[Stored items]
****
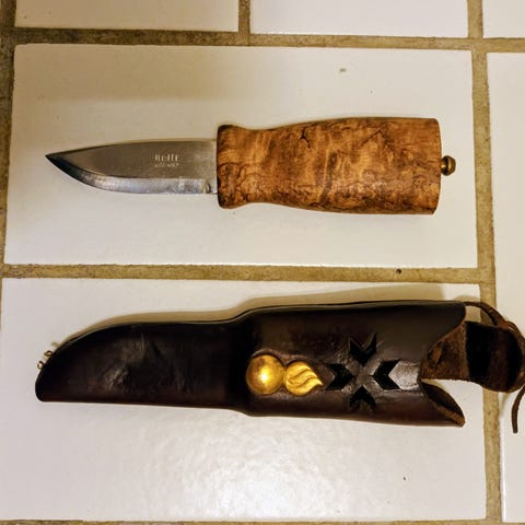 Blad av 3-lags rustfritt stål, lengde 7 cm. Lysebrun slire med innlegg.
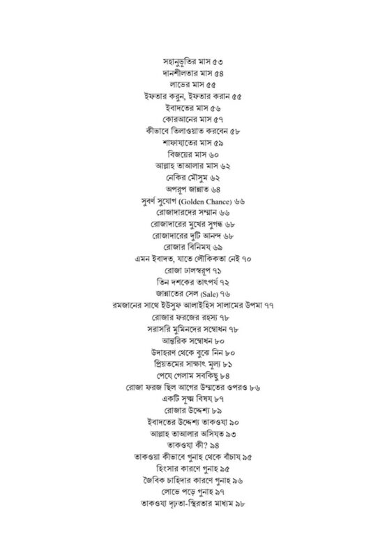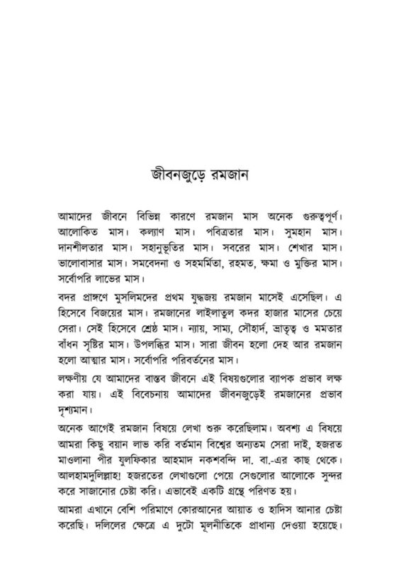 লক্ষণীয় যে, আমাদের বাস্তবজীবনে এই বিষয়গুলোর ব্যাপক প্রভাব লক্ষ করা যায়। এই বিবেচনায় আমাদের জীবন জুড়েই রমাজানের প্রভাব দৃশ্যমান। বইটিতে আমরা কীভাবে সারাবছর রমাজানের নুর দ্বারা উপকৃত হতে পারব, এবিষয়ে সাবলীল আলোচনা করা হয়েছে।
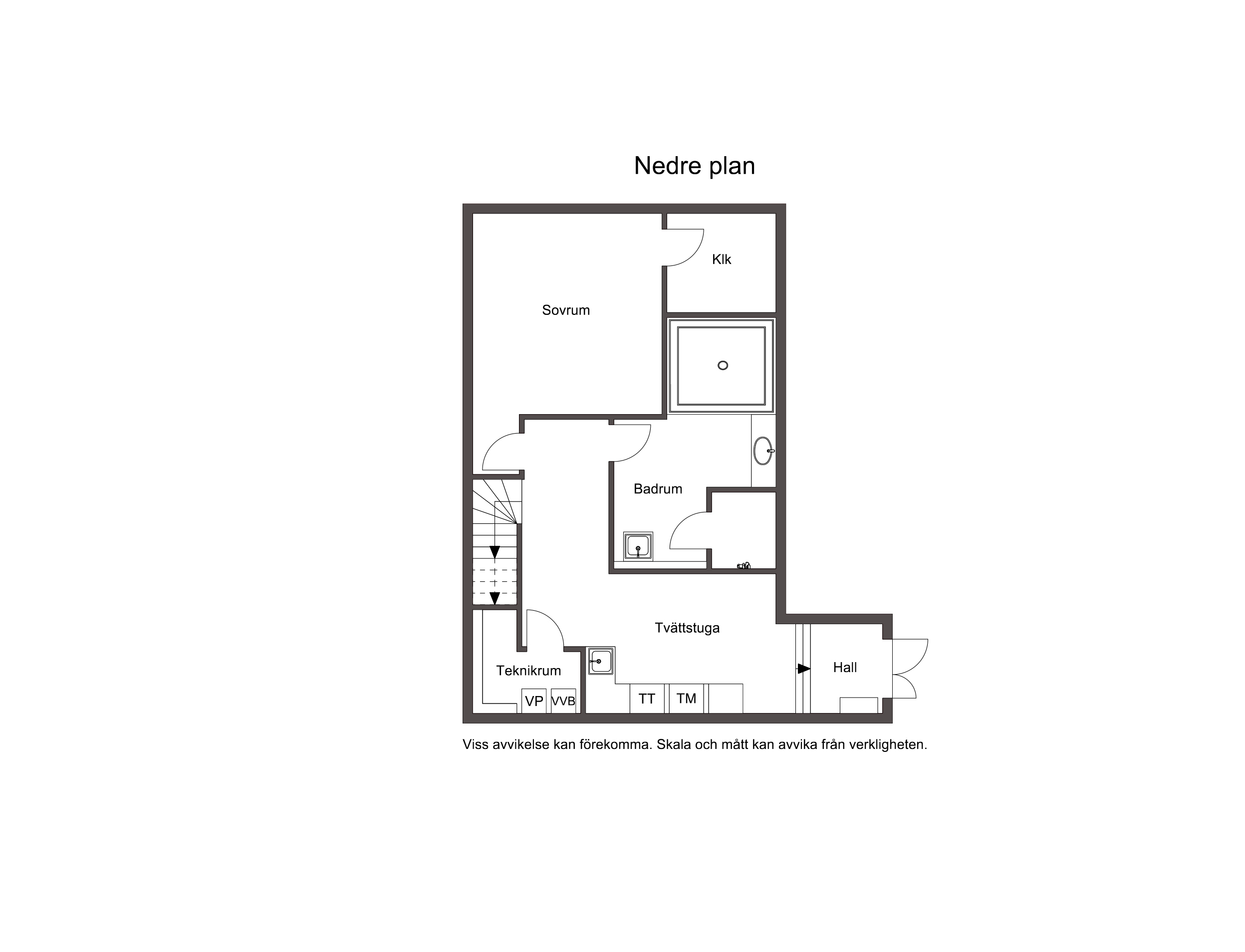 Väl tilltaget utrymme med tvättmaskin samt torktumlare i rätt arbetshöjd. Bänkyta i granit samt en tvättho med engreppsblandare. Fint klinkergolv, med vattenburen golvvärme och delvis kaklade väggar. En extra yta finns med dusch samt brunn. Perfekt att nyttja när man vill spola av hunden eller om barnen har busat runt i lera. Två trappsteg upp till ett bra utrymmer för ytterkläder då grovingången finns här.
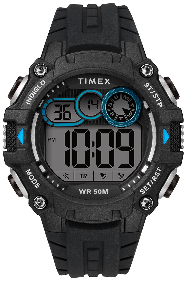 Timex DGTL TW5M27300 -kello on tyylikäs miesten rannekello. Sen musta 48 mm leveä runko on valmistettu hartsista. Timex TW5M27300 -rannekellossa on mukavan tuntuinen silikoniranneke, jonka leveys on kiinnityskohdasta 17 mm. Kellossa on hienot siniset yksityiskohdat. Ominaisuuksina mm. 24 tunnin näyttö, harmaa digitaalinäyttö, kirkas indiglo-jälkihohto, päivittäiset hälytykset, kaksoisaika, päivyri sekä kalenteri. Kello kuuluu 50 m -vesitiiviysluokkaan eli se on rajoitetusti vesitiivis. Timex-rannekelloilla on kahden vuoden takuu, ja ne toimitetaan valmistajan alkuperäisessä rasiassa.
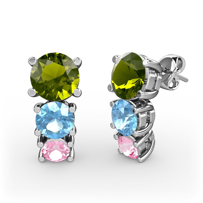 Peridot, akuamarin ve pembe kuvars 8 ayar beyaz altın küpe
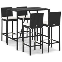 Vidaxl 5 Piece Patio Bar Set With Cushions Black Poly Rattan
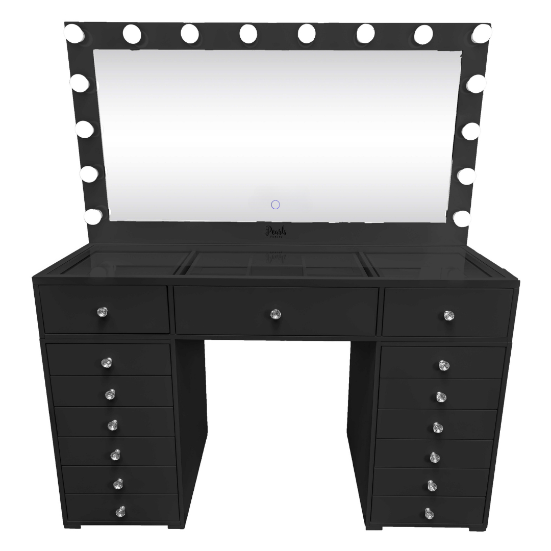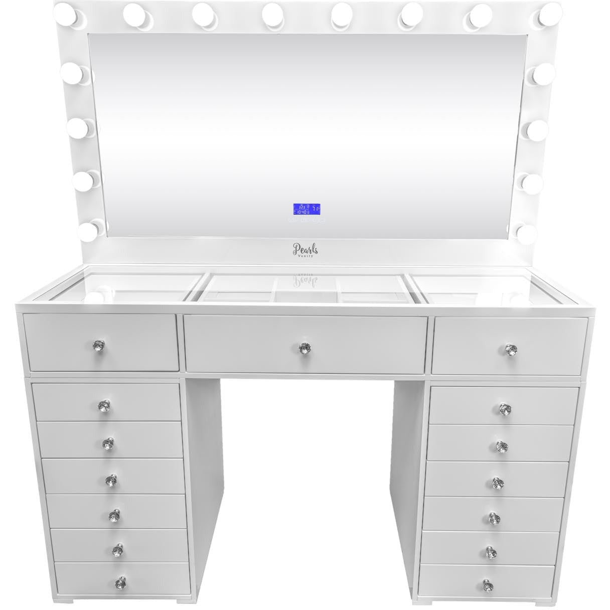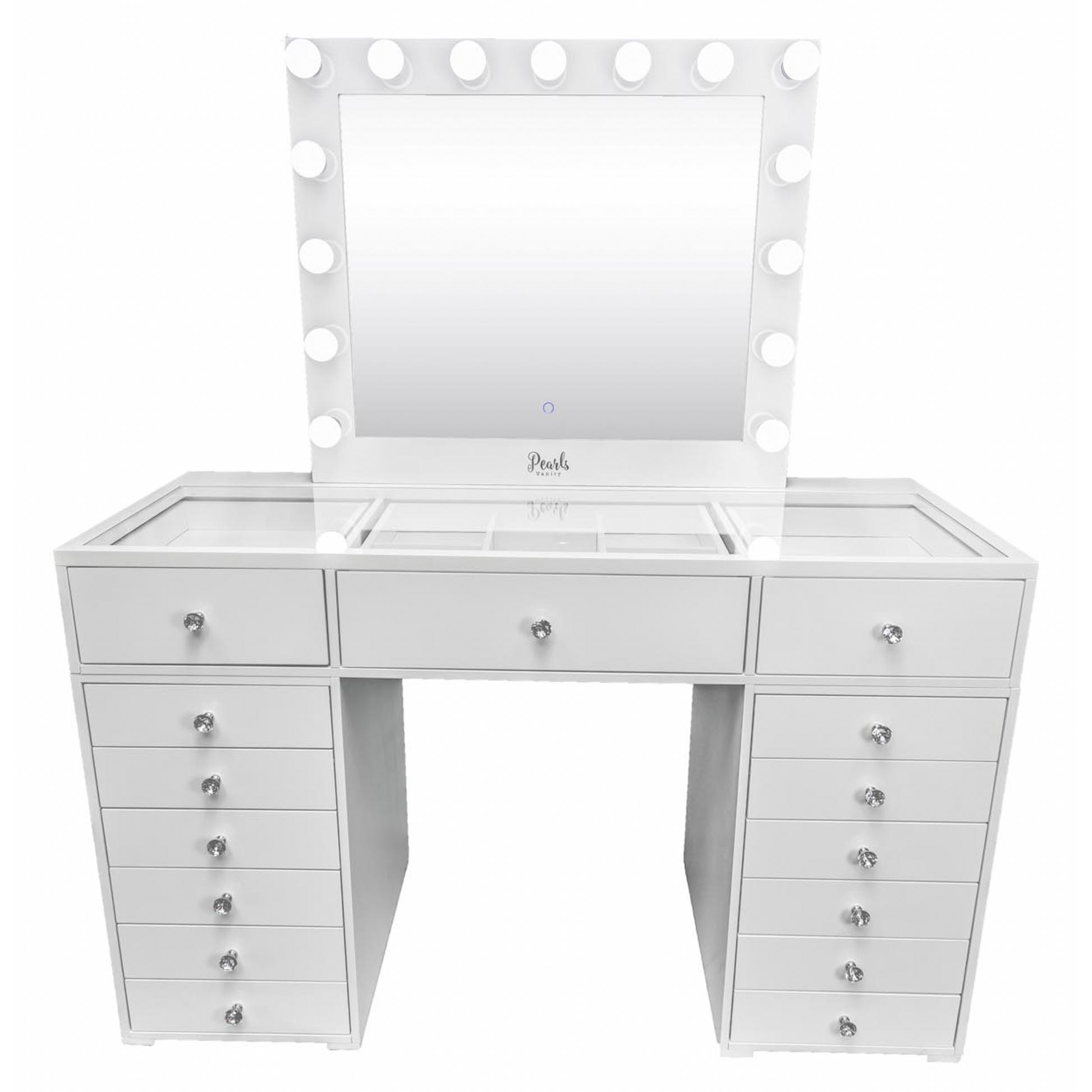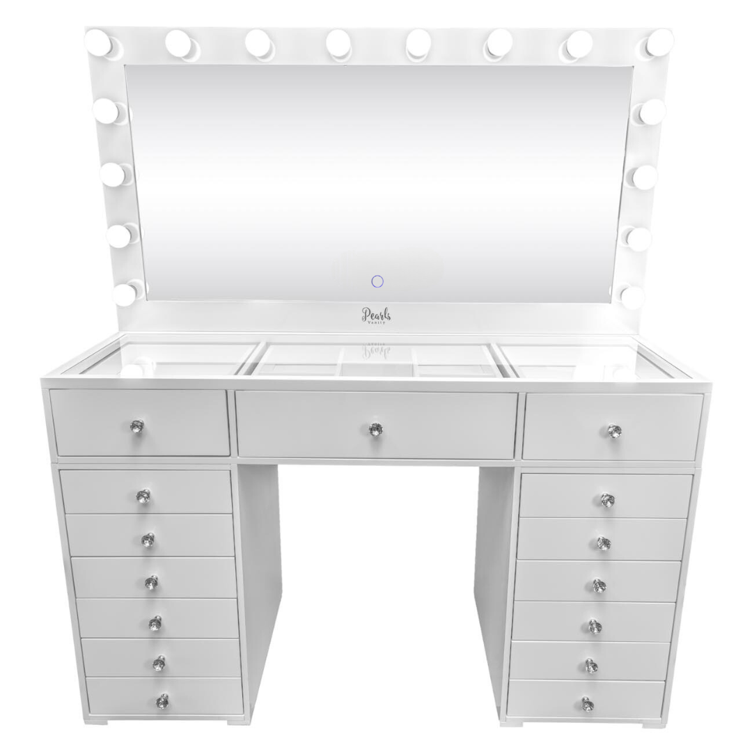 This unique and functional vanity is perfectly designed for a QUEEN in need of all the storage she can get! . Temptation Deluxe it’s a serious upgrade to our popular Temptation vanity. 5” added in height allow for a total of 18 compartments bringing you a serious capacity for your large and valuable collection! Temptation Deluxe features three extraordinary double drawers (because three single drawers are not always enough for all your favorite products!) Double drawers are located directly below your tempered glass top allowing you to be able to see through into your most prized possessions, we like to think the bottom drawers are secretive drawers designed just for you to see! In addition to the double drawers Temptation Deluxe comes in with integrated dividers for your two center and larger drawers for a more precise organizational approach. Dividers can be removed if needed to. Temptation Deluxe Vanity’s incredibly resistant tempered glass top provides an extra protection against scratches and stains. All over High-gloss coated surface added for a shinier and sleek look while allowing for an easier wipe-off process. Temptation Deluxe Vanity comes with a phenomenal capacity for all your make up collection, Not to mention, the absolute touch of glamour the crystal knobs bring each of its 15 drawers. Very Sturdy and selective high quality materials, striving to keep your vanity looking beautiful for many years.
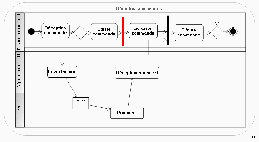 Un diagramme d'activités représente un séquencement d'étapes décrivant le comportement d'un élément du système.
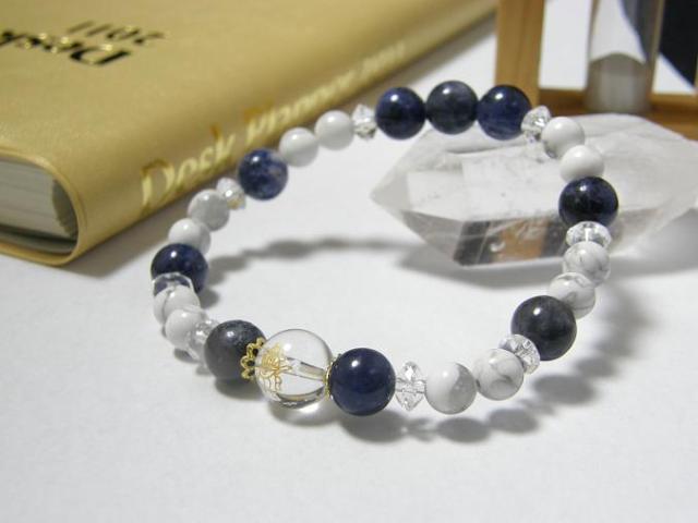 | 素 材&サイズ:内径/約16cm 金彫り水晶(弁財天)/約10mm 、ソーダライト/約8mm、ホワイトハウライト/約6mm、ボタンカット水晶/約3×6mm |
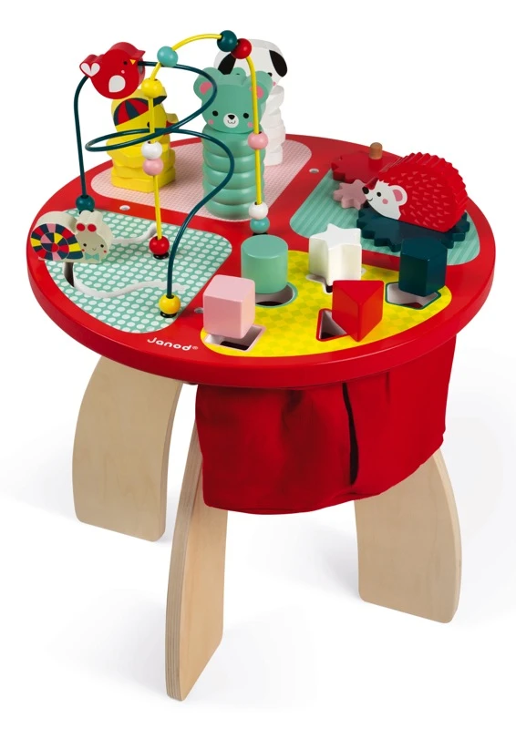 Découvrez la table d’activités Baby Forest de Janod et ses multiples zones de jeux pour apprendre de manière ludique ! Elle convient dès 12 mois et comprend 3 animaux superposables, 3 roues à engrenage, un labyrinthe et 5 formes à encastrer avec poche de récupération.
****
# Problem to work on
Out of the records above, please copy exactly the lines from the line with "Peridot, akuamarin ve" up to and including the line with "Vidaxl 5 Piece", minus the pictures.

# Response to this exercise
 Peridot, akuamarin ve pembe kuvars 8 ayar beyaz altın küpe
 Vidaxl 5 Piece Patio Bar Set With Cushions Black Poly Rattan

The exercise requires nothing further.